- Hawks Ridge Location of Hawks Ridge in Edmonton
- Coordinates: 53°35′20″N 113°41′53″W﻿ / ﻿53.589°N 113.698°W
- Country: Canada
- Province: Alberta
- City: Edmonton
- Quadrant: NW
- Ward: Nakota Isga
- Sector: Northwest
- Area: Big Lake

Government
- • Administrative body: Edmonton City Council
- • Councillor: Reed Clarke
- Elevation: 659 m (2,162 ft)

= Hawks Ridge, Edmonton =

Hawks Ridge is a neighbourhood in northwest Edmonton, Alberta, Canada that was established in 2010 through the adoption of the Big Lake Neighbourhood Three Neighbourhood Structure Plan (NSP), which was renamed as the Hawks Ridge NSP in July 2011.

It is located within the Big Lake area and was originally considered Neighbourhood 3 within the Big Lake Area Structure Plan (ASP). It was officially named Hawks Ridge on September 21, 2010.

Hawks Ridge is bounded on the west by 231 Street, north by Big Lake, east by Winterburn Road (215 Street), and south by future Big Lake Neighbourhood 5.

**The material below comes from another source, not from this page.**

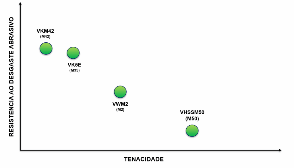 M2 e M42: Contêm molibdênio, tungstênio e cobalto; são amplamente usados em fresas, brocas e outras ferramentas de corte.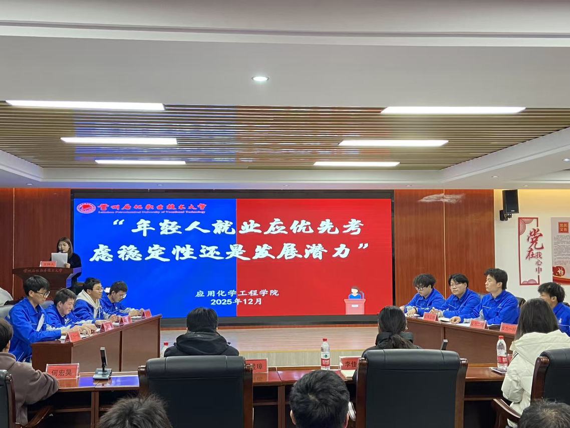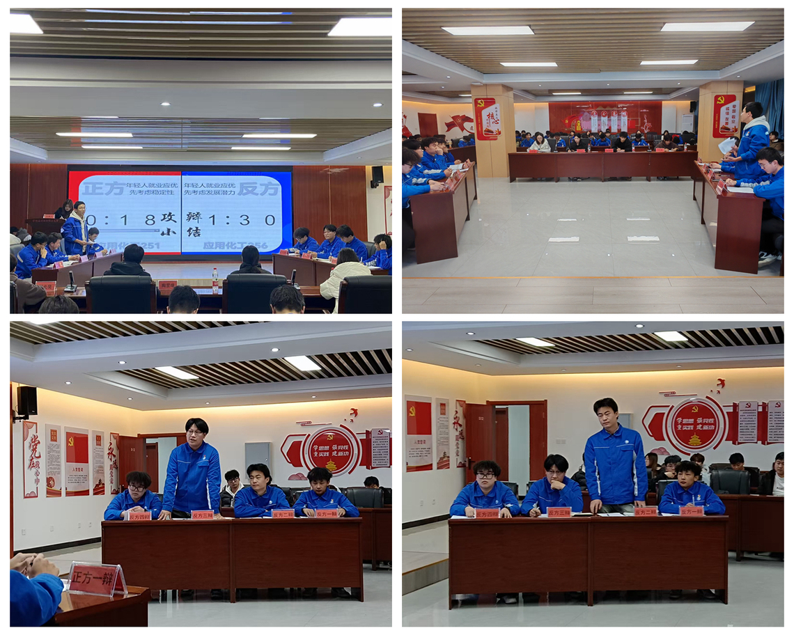 决赛现场氛围热烈非凡,聚焦“年轻人就业应优先考虑稳定性还是发展潜力”这一贴近当代青年成长实际、极具现实意义的辩题,上演了一场精彩绝伦的思想交锋。正方应用化工251班坚定主张“就业应优先考虑稳定性”,从职业规划、生活保障等维度层层递进展开论证;反方应用化工256班则秉持“就业应优先考虑发展潜力”的观点,围绕个人成长、价值实现等方面深入剖析。

A step toward development of the neighbourhood was met with some controversy when the ward councillor for the area voted against approving the first rezoning within the neighbourhood in July 2011. Councillor Linda Sloan opposed the rezoning based on the lack of servicing and infrastructure for the neighbourhood. The rezoning was approved by a vote of 11 to 1.